Optogenetic Manipulation of Saccharomyces cerevisiae Metabolism to Produce Advanced Biofuels Isoprenol and Limonene

Abstract

At a time when growing concerns over energy security and alarming accumulation of greenhouse gases pervade the national discussion, research into sources of renewable energy is more important than ever. This project investigates the viability of using a combination of metabolic engineering and optogenetics to produce advanced biofuels in Saccharomyces cerevisiae, such as isoprenol and limonene. This project aimed to achieve four main goals: 1) Develop a large toolset for metabolic engineering using an optogenetic system2) Design a strain of yeast that produces high titers of mevalonate (≥ 2 g/L)3) Build the pathways to synthesize isoprenol and limonene in yeast4) Synthesize high titers of isoprenol and limonene using the EL222 optogenetic circuit The first goal was achieved by developing a library of seven GAL promoters that operate within the optogenetic system and that yield a range of activities.
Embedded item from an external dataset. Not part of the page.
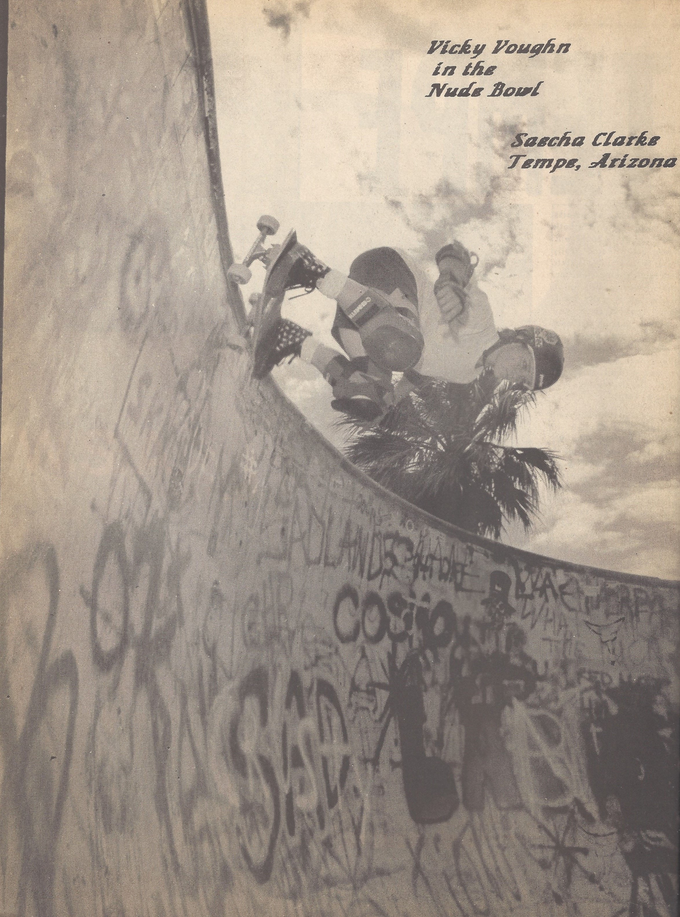 Vicky Voughn is currently a mystery, possibly spelled “Vicki.” All I know is that she appeared in April 1989 to compete in the mini-ramp contest in Tempe, Arizona and was included in Lynn Kramer’s zine Equal Time (Vol. 1, No 3). Lynn reported that, “Vicky showed up in yet another uncommon place, using the whole ramp for big backside grinds. She also did this neat slide to fakie.” Vicky was third behind Lisa Forman (1st) and Danielle McDade (2nd).

One promoter that was designed even outperforms the constitutive TEF1 promoter, achieving greater levels of activity in the light while remaining virtually inactive in the dark. The second goal was also met as several strains of yeast that produced titers exceeding mevalonate concentrations of 2 g/L were created, ranging as high as 2.57 g/L. The third goal was similarly achieved as the pathways of isoprenol and limonene were designed and both were successfully assembled into plasmids. Finally, the fourth goal has yet to be completely achieved. Though isoprenol production has been demonstrated, the yields were very low and only reached a maximum of 10.3 mg/L. These low yields were expected as they were observed in a strain of yeast that did not produce much mevalonate. Upon transforming the plasmids into a strain of yeast that encodes the optogenetic circuit and also produces high levels of mevalonate (≥ 2 g/L), we hope to produce large titers of both isoprenol and limonene.